▶ [What is needed]
With the pictures left out, return exactly the lines from the one containing "The monitor looks" through the end of the listing below.

▶ [Information shown]
=== Begin Enclosure ===
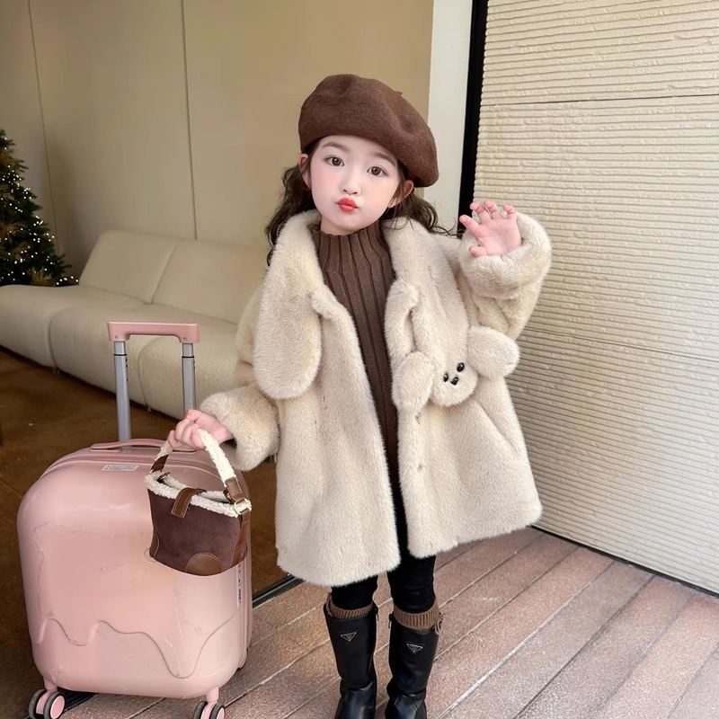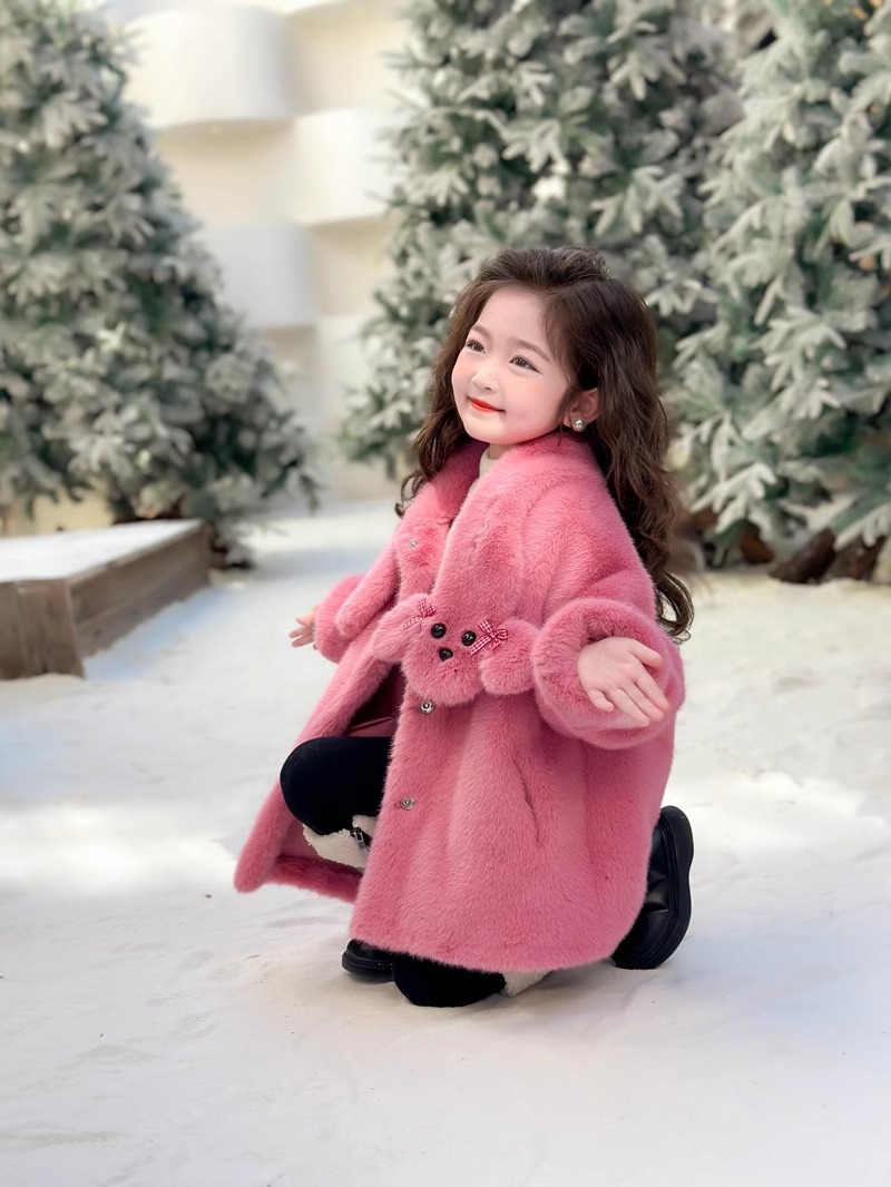 Зимняя новинка 2025: Теплая куртка для девочек из искусственного меха, утепленная, с имитацией норки, на хлопковой основе
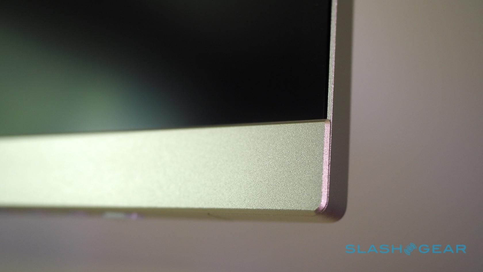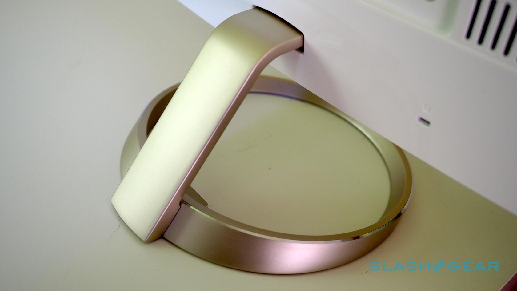 The monitor looks the part, from the front at least. The bezels and stand are gold-color anodized metal (it's actually magnetized, so paperclips will cling to it); only the glossy white plastic back makes it clear this isn't actually an Apple product, and bely the RRP.
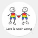 L'amour n'est jamais faux t-shirts et cadeaux - design gay pride avec deux personnes aux couleurs arc-en-ciel tenant un coeur rouge.
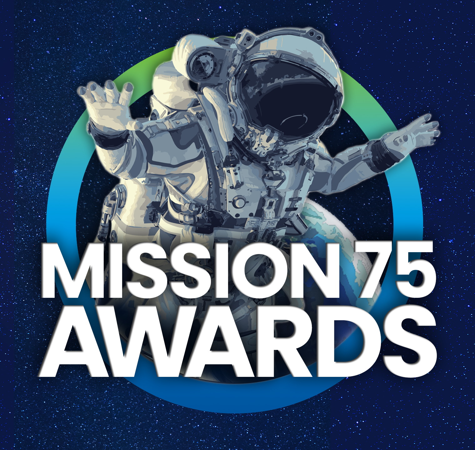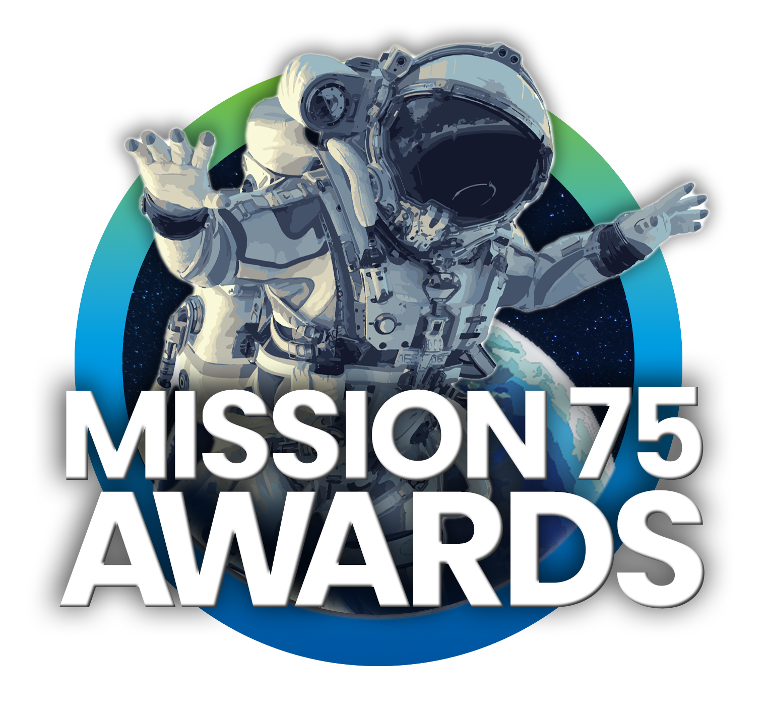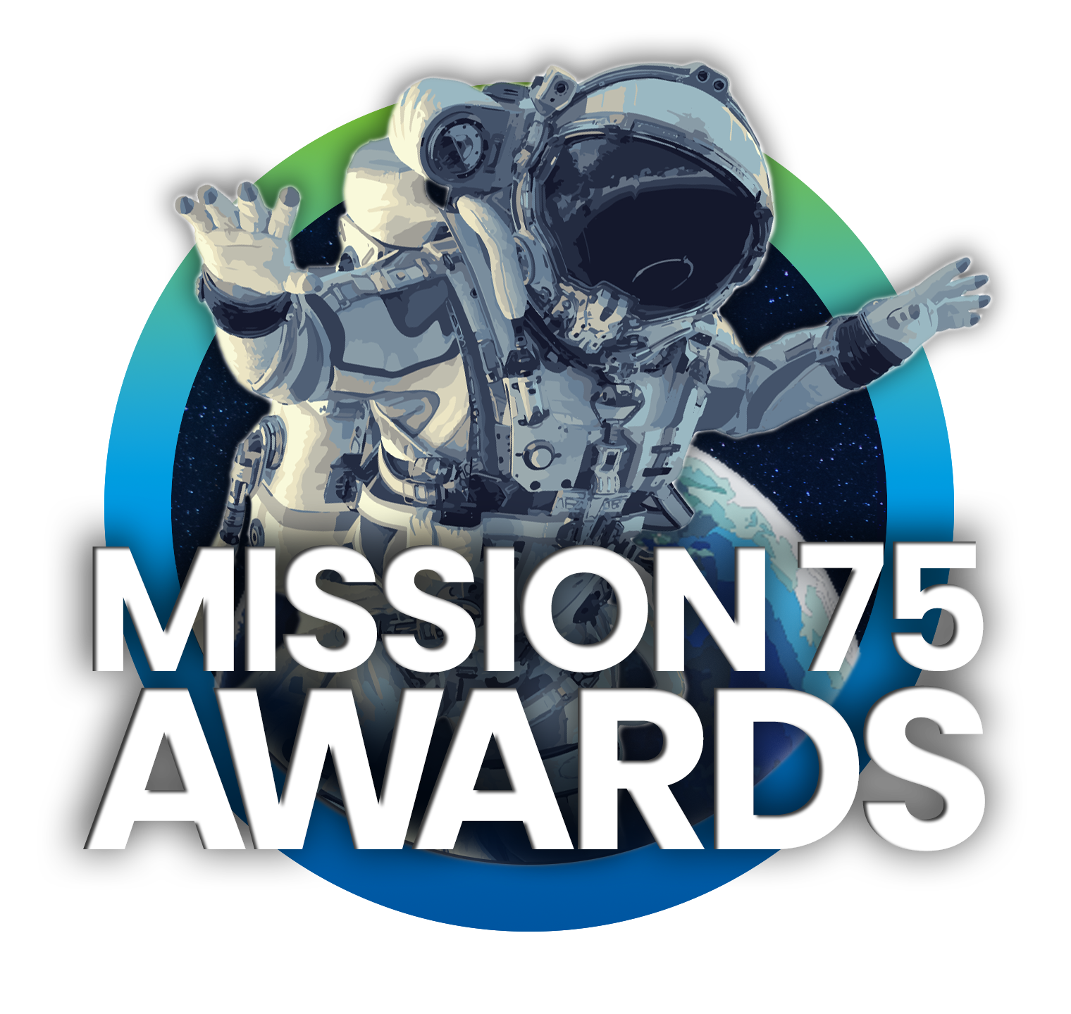 Er werd gevraagd een logo te ontwerpen voor de Mission75 awards met als inspiratie de "Zapp awards". Hierna moest ik voor de WebPage aansluitende logo's maken
=== End Enclosure ===
▶ [Output of the task]
 The monitor looks the part, from the front at least. The bezels and stand are gold-color anodized metal (it's actually magnetized, so paperclips will cling to it); only the glossy white plastic back makes it clear this isn't actually an Apple product, and bely the RRP.
 L'amour n'est jamais faux t-shirts et cadeaux - design gay pride avec deux personnes aux couleurs arc-en-ciel tenant un coeur rouge.
 Er werd gevraagd een logo te ontwerpen voor de Mission75 awards met als inspiratie de "Zapp awards". Hierna moest ik voor de WebPage aansluitende logo's maken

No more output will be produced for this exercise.